=== Begin Enclosure ===
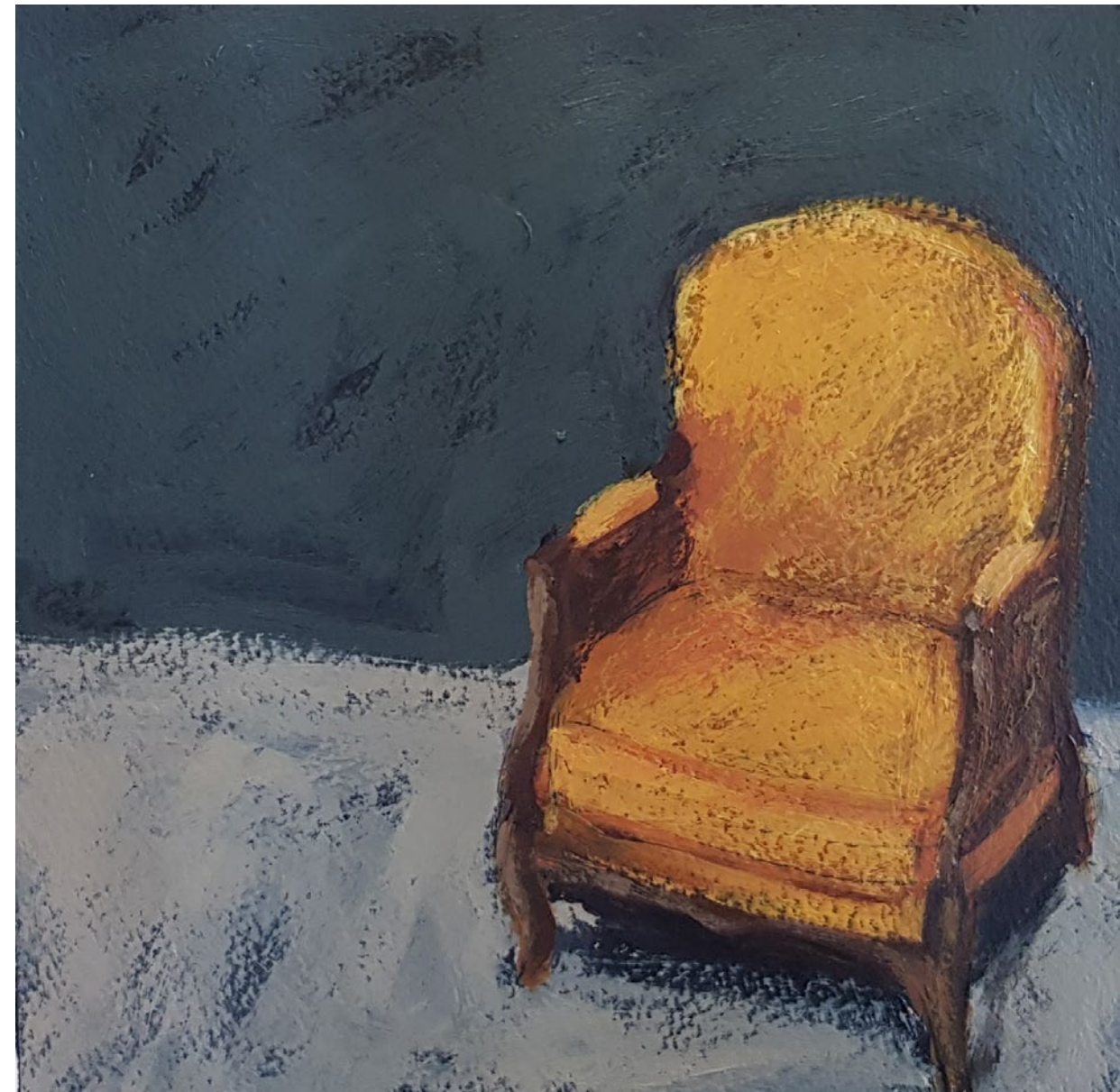
Untitled | Acrylic on Cardboard | 17.5 x 17.5 cm | 2020 | 1.200.000 Toman
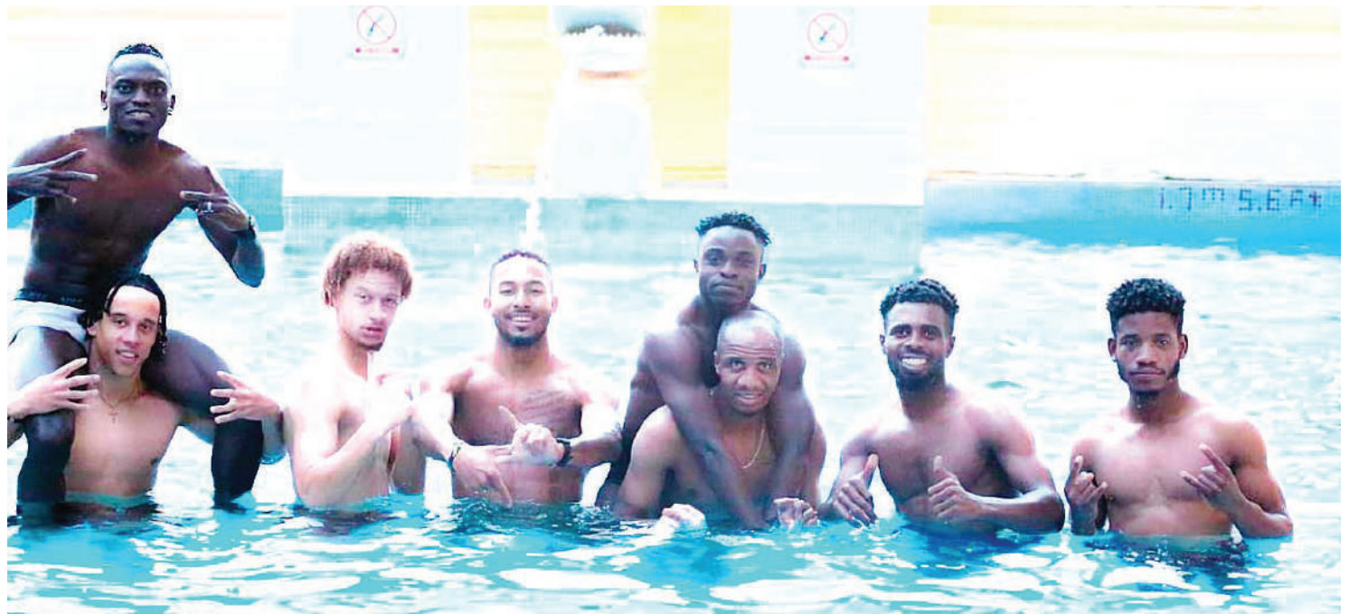
Wachezaji wa Timu ya Soka ya Taifa (Taifa Stars), wakifanya mazoezi ya kujenga utimamu wa mwili kabla ya kuanza safari ya kurejea Tanzania wakitokea Indonesia kucheza mechi ya kirafiki ya kimataifa

Chanzo chetu kingine kilisema Coastal Union imeshaanza mazungumzo na meneja wa beki huyo ili kupata saini yake na uamuzi huo umetokana na uzoefu alionao katika michuano ya kimataifa.
=== End Enclosure ===
» **TASK BRIEF**:
After locating the line that contains "Wachezaji wa Timu", print that line and every one after it through the last line of the listing, exactly.

» **OUTPUT FOR THIS TASK**:
Wachezaji wa Timu ya Soka ya Taifa (Taifa Stars), wakifanya mazoezi ya kujenga utimamu wa mwili kabla ya kuanza safari ya kurejea Tanzania wakitokea Indonesia kucheza mechi ya kirafiki ya kimataifa

Chanzo chetu kingine kilisema Coastal Union imeshaanza mazungumzo na meneja wa beki huyo ili kupata saini yake na uamuzi huo umetokana na uzoefu alionao katika michuano ya kimataifa.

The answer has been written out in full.